Dean Fishman, a chiropractor in Florida, was examining an X-ray of a 17-year-old patient’s neck in 2009 when he noticed something unusual. The ghostly image of her vertebral column showed a reversal of the curvature that normally appears in the cervical spine — a degenerative state he’d most often seen in middle-aged people who had spent several decades of their life in poor posture.
“That’s when I looked over at the patient,” Fishman says. She was slumped in her chair, head tilted downward, madly typing away on her cell phone.

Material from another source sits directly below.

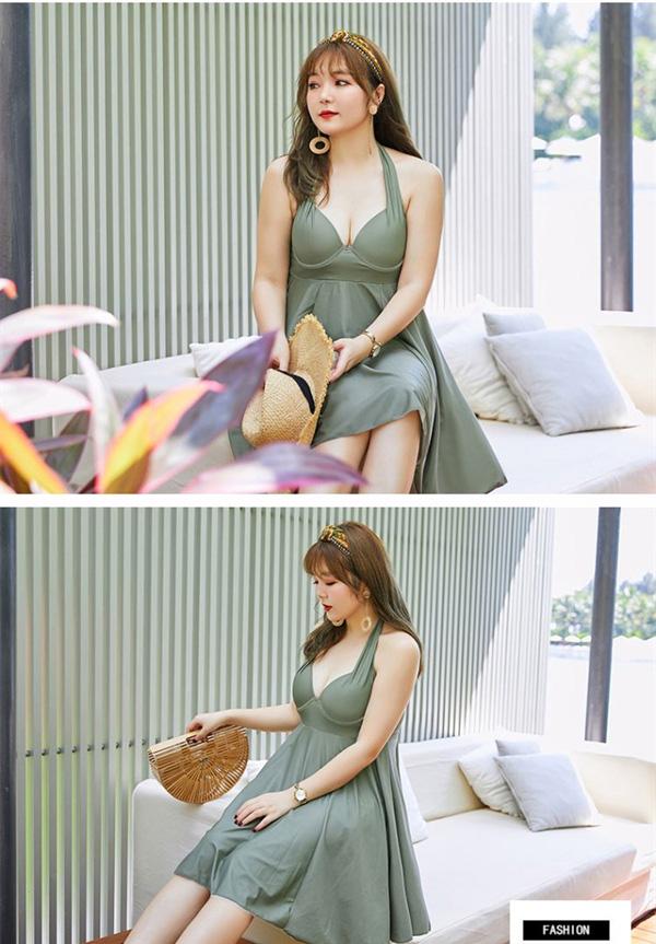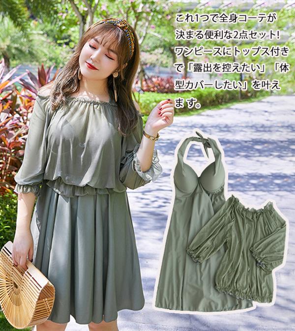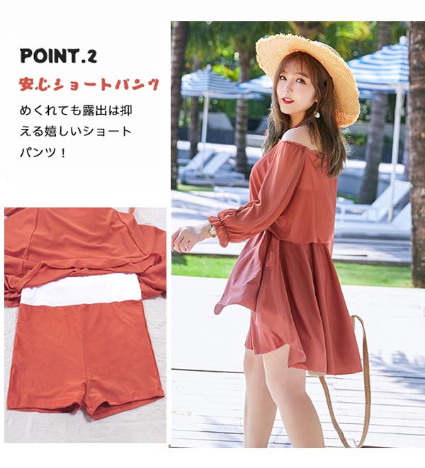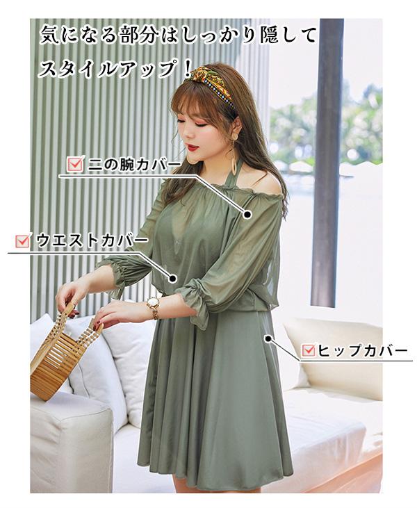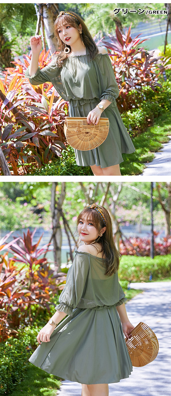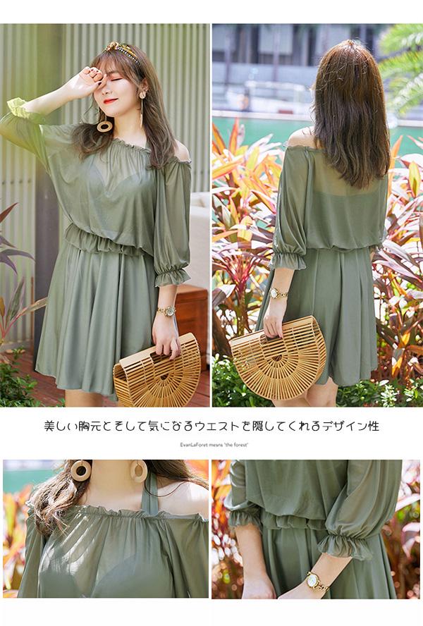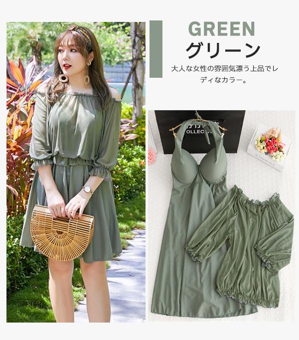 体型カバー 水着 大きいサイズ 服みたいな レディース ワンピース オトナ女子 温泉 かわいい セクシー 袖付き ぽっちゃり ショートパンツ グリーン 大人 女性 ママ 20代 30代 40代 50代 露出控えめ 二の腕 太もも お尻 お腹カバー

When he mentioned to the patient’s mother that the girl’s posture could be causing her headaches, he got what he describes as an “emotional response.” It seemed the teen spent much of her life in that position. Right then, Fishman says, “I knew I was on to something.”
He theorized that prolonged periods of tilting her head down to peer into her mobile device had created an excessive strain on the cervical spine, causing a repetitive stress injury that ultimately led to spinal degeneration. He began looking through all the recent X-rays he had of young people — many of whom had come in for neck pain or headaches — and he saw the same thing: signs of premature degeneration.
Fishman coined the term “text neck” to describe the condition and founded the Text Neck Institute (text-neck.com), a place where people can go for information, prevention, and treatment.
“The head in neutral has a normal weight” of 10 to 12 pounds, says Fishman, explaining that the neutral position is ears over shoulders with shoulder blades pulled back. “If you start to tilt your head forward, with gravity and the distance from neutral, the weight starts to increase.”
A recent study in the journal Surgical Technology International quantified the problem: As the head tilts forward 15 degrees from neutral, the forces on the cervical spine and supporting musculature increase to 27 pounds. As the tilt increases, the forces increase to 40 pounds at 30 degrees, 49 pounds at 45 degrees, and 60 pounds at 60 degrees.